We can find the second moment of both groups separately by first computing an expression of the difference of second moments and then using \(\sum _{i=1}^N x_i^2\) to isolate both separate second moments analogously to Lemma 2.

Theorem 3

Let

$$\begin{aligned} z_2 = \sum _{i=1}^N (p_i - {\overline{p}}) x_i^2. \end{aligned}$$

Then,

$$\begin{aligned} \mathbb {E}\left( \frac{z_2}{N \mathbb {V}(p)}\right) = (\sigma _1^2 + \mu _1^2 - \sigma _2^2 - \mu _2^2) \end{aligned}$$

and

$$\begin{aligned} \mathbb {E}\left( \frac{\sum _{i=1}^N x_i^2}{N} - \frac{z_2 {\overline{p}}}{N \mathbb {V}(p)}\right)= & {} (\sigma _2^2 + \mu _2^2) \end{aligned}$$
(25)
$$\begin{aligned} \mathbb {E}\left( \frac{\sum _{i=1}^N x_i^2}{N} - \frac{z_2 (1-{\overline{p}})}{N \mathbb {V}(p)}\right)= & {} (\sigma _1^2 + \mu _1^2). \end{aligned}$$
(26)

Proof

The second moment of x is the linear mixture of the second moments from both mixture distributions,

$$\begin{aligned} \mathbb {E}(x_i^2) = p_i (\sigma _1^2 + \mu _1^2) + (1-p_i) (\sigma _2^2 + \mu _2^2). \end{aligned}$$

Using this in the identical computation as in the proof to Theorem 1, we get

$$\begin{aligned} \mathbb {E}(z_2) = (\sigma _1^2 + \mu _1^2 - \sigma _2^2 - \mu _2^2) N \mathbb {V}(p) \end{aligned}$$

which proves the first statement.

The second and third statements follow in analogy to the proof of Lemma 2. \(\square \)

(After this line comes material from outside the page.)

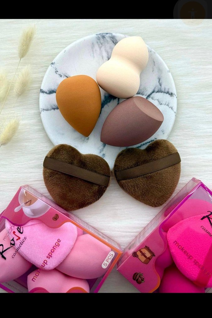Bej, kahverengi ve açık renklerde çeşitli şekillerde makyaj süngerleri ile kalp şeklinde kahverengi aplikatörler içeren set. Pürüzsüz makyaj için uygun.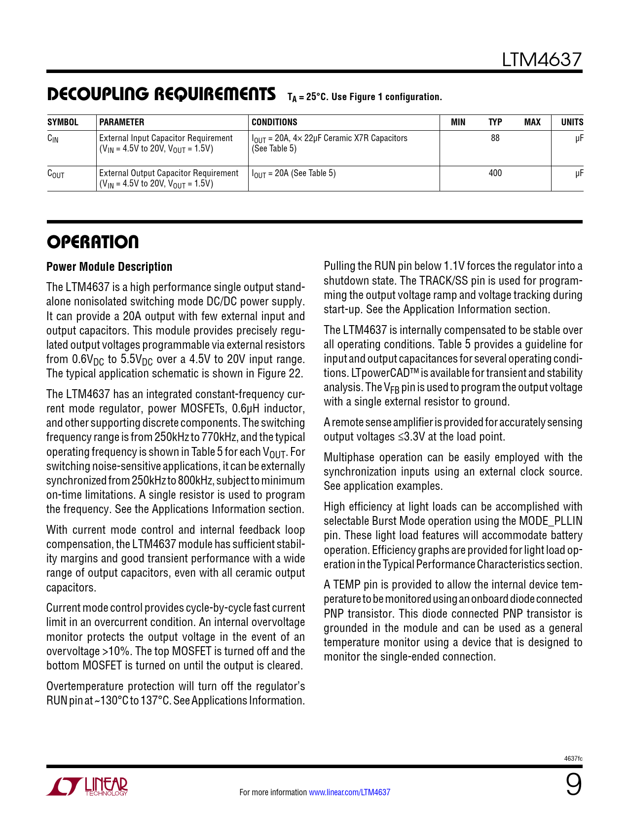 Datasheet LTM4637 (Analog Devices) - 9

The estimate of the second moments as given above is unbiased. When using the mean estimator \(\mu _j\) for one group to isolate the variance \(\sigma _j^2\),

$$\begin{aligned} {\hat{\sigma _j}}^2 = \frac{\sum _{i=1}^N x_i^2}{N} - \frac{z_2 {\overline{p}}}{N \mathbb {V}(p)} - {\hat{\mu }}_2^2 \end{aligned}$$

the estimate is biased by a factor that depends on both group variances. Assuming these two are equal, the bias factor is \(\frac{N-1}{N}\).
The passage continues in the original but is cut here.